Here’s a graphic: https://tmsnrt.rs/3JTsiqN
Experts say battery costs could stay elevated for the next year or so, but then another big drop is probably in store as big-ticket investments by automakers and suppliers in mining, refining and battery cell production, and a move to diversify raw material sources, tip the balance from shortage to surplus.
“It’s like a bubble — and for that bubble to settle down, it’s going to be at least the end of 2023,” said consultant Prabhakar Patil, a former LG Chem executive.
British battery company Britishvolt is due to launch battery production at a 45-gigawatt-hour plant in northeast England in 2024. Chief strategy officer Isobel Sheldon said the advice the company is getting from raw materials suppliers is “don’t fix your prices now, wait for the next 12 months and fix the prices then because everything will be on a more even keel.”
“This over-securing of resources should be behind us by then,” she said.
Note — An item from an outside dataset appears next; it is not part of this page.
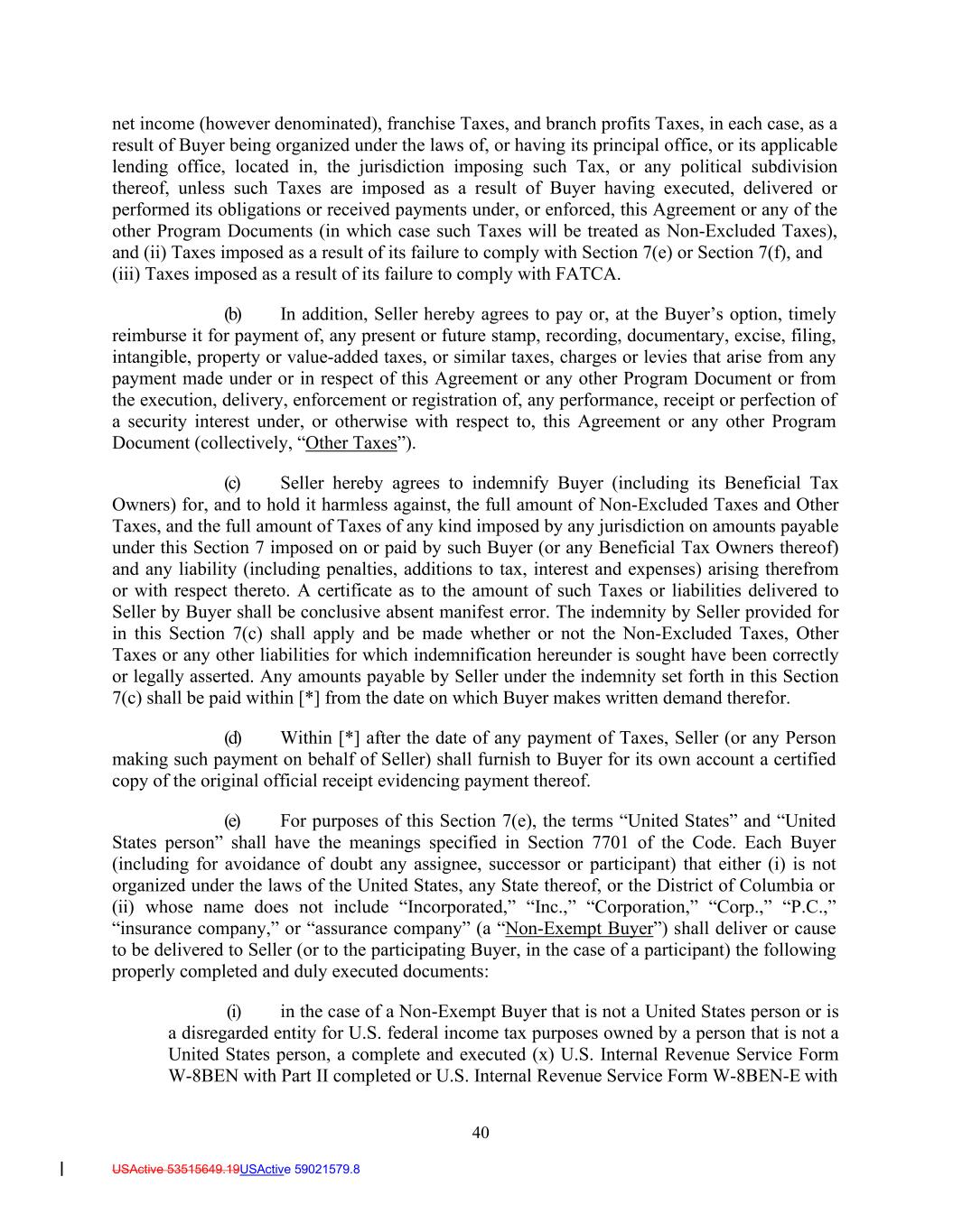 40 USActive 53515649.19USActive 59021579.8 net income (however denominated), franchise Taxes, and branch profits Taxes, in each case, as a result of Buyer being organized under the laws of, or having its principal office, or its applicable lending office, located in, the jurisdiction imposing such Tax, or any political subdivision thereof, unless such Taxes are imposed as a result of Buyer having executed, delivered or performed its obligations or received payments under, or enforced, this Agreement or any of the other Program Documents (in which case such Taxes will be treated as Non-Excluded Taxes), and (ii) Taxes imposed as a result of its failure to comply with Section 7(e) or Section 7(f), and (iii) Taxes imposed as a result of its failure to comply with FATCA. (b) In addition, Seller hereby agrees to pay or, at the Buyer’s option, timely reimburse it for payment of, any present or future stamp, recording, documentary, excise, filing, intangible, property or value-added taxes, or similar taxes, charges or levies that arise from any payment made under or in respect of this Agreement or any other Program Document or from the execution, delivery, enforcement or registration of, any performance, receipt or perfection of a security interest under, or otherwise with respect to, this Agreement or any other Program Document (collectively, “Other Taxes”). (c) Seller hereby agrees to indemnify Buyer (including its Beneficial Tax Owners) for, and to hold it harmless against, the full amount of Non-Excluded Taxes and Other Taxes, and the full amount of Taxes of any kind imposed by any jurisdiction on amounts payable under this Section 7 imposed on or paid by such Buyer (or any Beneficial Tax Owners thereof) and any liability (including penalties, additions to tax, interest and expenses) arising therefrom or with respect thereto. A certificate as to the amount of such Taxes or liabilities delivered to Seller by Buyer shall be conclusive absent manifest error. The indemnity by Seller provided for in this Section 7(c) shall apply and be made whether or not the Non-Excluded Taxes, Other Taxes or any other liabilities for which indemnification hereunder is sought have been correctly or legally asserted. Any amounts payable by Seller under the indemnity set forth in this Section 7(c) shall be paid within [*] from the date on which Buyer makes written demand therefor. (d) Within [*] after the date of any payment of Taxes, Seller (or any Person making such payment on behalf of Seller) shall furnish to Buyer for its own account a certified copy of the original official receipt evidencing payment thereof. (e) For purposes of this Section 7(e), the terms “United States” and “United States person” shall have the meanings specified in Section 7701 of the Code. Each Buyer (including for avoidance of doubt any assignee, successor or participant) that either (i) is not organized under the laws of the United States, any State thereof, or the District of Columbia or (ii) whose name does not include “Incorporated,” “Inc.,” “Corporation,” “Corp.,” “P.C.,” “insurance company,” or “assurance company” (a “Non-Exempt Buyer”) shall deliver or cause to be delivered to Seller (or to the participating Buyer, in the case of a participant) the following properly completed and duly executed documents: (i) in the case of a Non-Exempt Buyer that is not a United States person or is a disregarded entity for U.S. federal income tax purposes owned by a person that is not a United States person, a complete and executed (x) U.S. Internal Revenue Service Form W-8BEN with Part II completed or U.S. Internal Revenue Service Form W-8BEN-E with

DEMAND BEATS SUPPLY
The industry has long been awaiting the battery cell cost threshold of $100 per kilowatt-hour, as a signal EVs were reaching price parity with fossil-fuel equivalents. But with gasoline prices soaring and consumer preferences changing, that may no longer matter as much, analysts say.
EV demand in China and other markets “is going up faster than people thought — faster than the supply of materials” for EV batteries, said Stan Whittingham, a co-inventor of lithium-ion batteries and a 2019 Nobel laureate.
Concern about the environment and the climate also has motivated buyers, especially younger ones, to choose EVs over those that burn fossil fuels, said Chris Burns, chief executive of Novonix, a Halifax-based battery materials supplier.
“Many younger people entering the market are making buying decisions beyond simple economics and are saying they will only drive an EV because they are better for the planet,” Burns says. “They are making the plunge even though it would be cheaper” to drive a gas-powered car.
“I don’t think we will stop seeing reports trying to show a trend in battery prices down towards $60 or $80 a kilowatt-hour as aspirational targets, but it is possible that those may never get met,” he said. “However, it doesn’t mean that EV adoption will not rise.”